Readers in Council,
The Japan Times,
5-4, Shibaura 4-chome,
Minato-ku, Tokyo 108-0023
I do not accept that in the age of the internet and social media privacy is an atavistic fantasy. Claims to the contrary are, politely speaking, stupid. Therefore, the loathsome things about New Zealand gay rights advocates calling on a suspected, anonymous homosexual member of the All Blacks rugby club “to openly declare his sexuality and act as a role model in the fight against bigotry” (“Advocates want All Black to come out,” January 7) are, first, the underlying notion that it is acceptable to sacrifice this kind of personal privacy to this particular calling and, second, that it is appropriate to interfere in another’s life like this.
Sex and sexuality are private. I don’t need to know if a person is gay. It’s notmy business and the knowledge would probably compromise more than enhance my regard for their humanity.
In contemporary Western culture too many confuse exhibitionist self-celebration with self expression and wrongly advocate publicity through confession in the false belief that exposure can be a vehicle for dignity.

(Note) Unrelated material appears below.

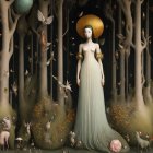 A surreal scene unfolds in a magical forest, featuring a serene figure in a flowing gown surrounded by enchanting creatures, vibrant flora, and whimsical elements, evoking a dreamlike atmosphere.

I’m old fashioned in that I admire reserve and humility, and my life is a labyrinth of privacy - not secrecy, which is a different thing. While the ambient culture considers it a virtue to pursue personal potential through gross Self promotion, I am increasingly adamant that greater exposure actually diminishes our humanity more than anything. People are confusing a vice with virtue, which is a common confusion.
The crux of the sexuality issue is this: so long as we aren’t breaking the law or harming anyone our bedrooms are nobody’s business. Neither to know nor to tell. Only boors concern themselves with other people’s privacy or flaunt their own privacy in public, and support groups that advocate LGB people coming out to fit their own agenda are just boorish. It is a recipe for diminishing humanity, not augmenting it.
But I could be wrong.
Published on Thursday, January 10, 2013 as “Sexual privacy on/off the pitch.”

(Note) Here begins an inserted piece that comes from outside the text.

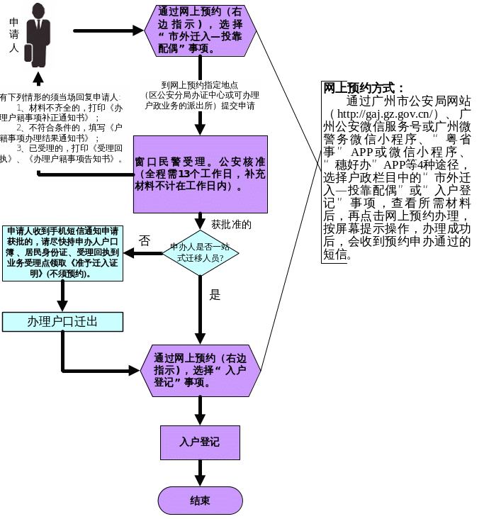 (一)符合申辦條件的人員可以通過預(yù)約現(xiàn)場辦理或網(wǎng)上辦理(通過①廣州市公安局網(wǎng)站http://gaj.gz.gov.cn/;②廣州公安微信服務(wù)號或廣州微警務(wù)微信小程序;③“粵省事”APP或微信小程序;④“穗好辦”APP,選擇戶政欄目中的“市外遷入—投靠配偶”事項)。通過網(wǎng)上預(yù)約,可選擇本市公安機關(guān)任一可辦理戶政業(yè)務(wù)的辦理點提交申請。入戶時持《受理回執(zhí)》、遷入地的家庭戶居民戶口簿(戶口一站式遷移的還需提供遷出地的居民戶口簿,非一站式遷移的則提供《準(zhǔn)予遷入證明》(第三聯(lián))、《戶口遷移證》),通過網(wǎng)上預(yù)約(操作同上,選擇“入戶登記”事項),可選擇本市公安機關(guān)任一可辦理戶政業(yè)務(wù)的辦理點辦理入戶登記。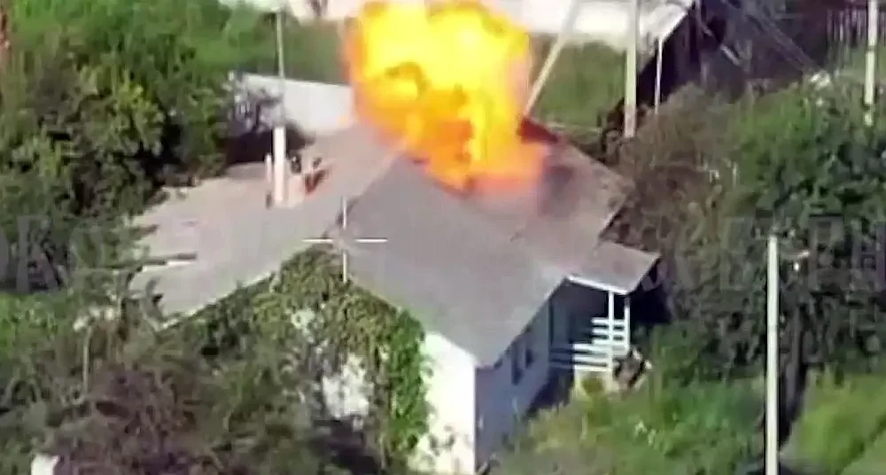 В сети показаны кадры атаки по пункту управления БПЛА противника. В результате точных попаданий наших дронов, первый из которых угодил в крышу, здание, где размещался ПУ врага, вспыхнуло ярким пламенем, да и выгорело дотла.

People might say that I am homophobic because I say that knowledge of a person’s sexuality“would probably compromise more than enhance my regard for their humanity.” But my position is that it is not knowledge of a person’s sexuality that would lead to that compromise. I don’t much care about a person’s sexuality. Instead, it is my knowledge of another person’s privacy that compromises their humanity in my eyes because I think that privacy is necessary for maximum humanity. Less privacy equals less humanity. Privacy is the thing, not publicity. Publicising one’s sexuality contravenes one’s privacy and therefore undermines the ground of one’s humanity.
If there is a gay member of the All Blacks rugby club I don’t see that it’s any of my business. And if that gay member wants to keep his sexuality private, that’s his business, not mine. And if he wants to come out and publically announce his homosexuality that’s still his business, not mine.
To maximize our humanity we require a few things. Primarily, we need maximum leeway to err - that means freedom. Secondarily, we need privacy - that means an insulated environment in which to culture our self-narrative. And in all matters sexual - homosexuality, masturbation, promiscuity, abortion, etc. - my call is always to keep our noses out of other people’s genitals. But that is a suggestion that doesn’t seem to be accepted. Or understood.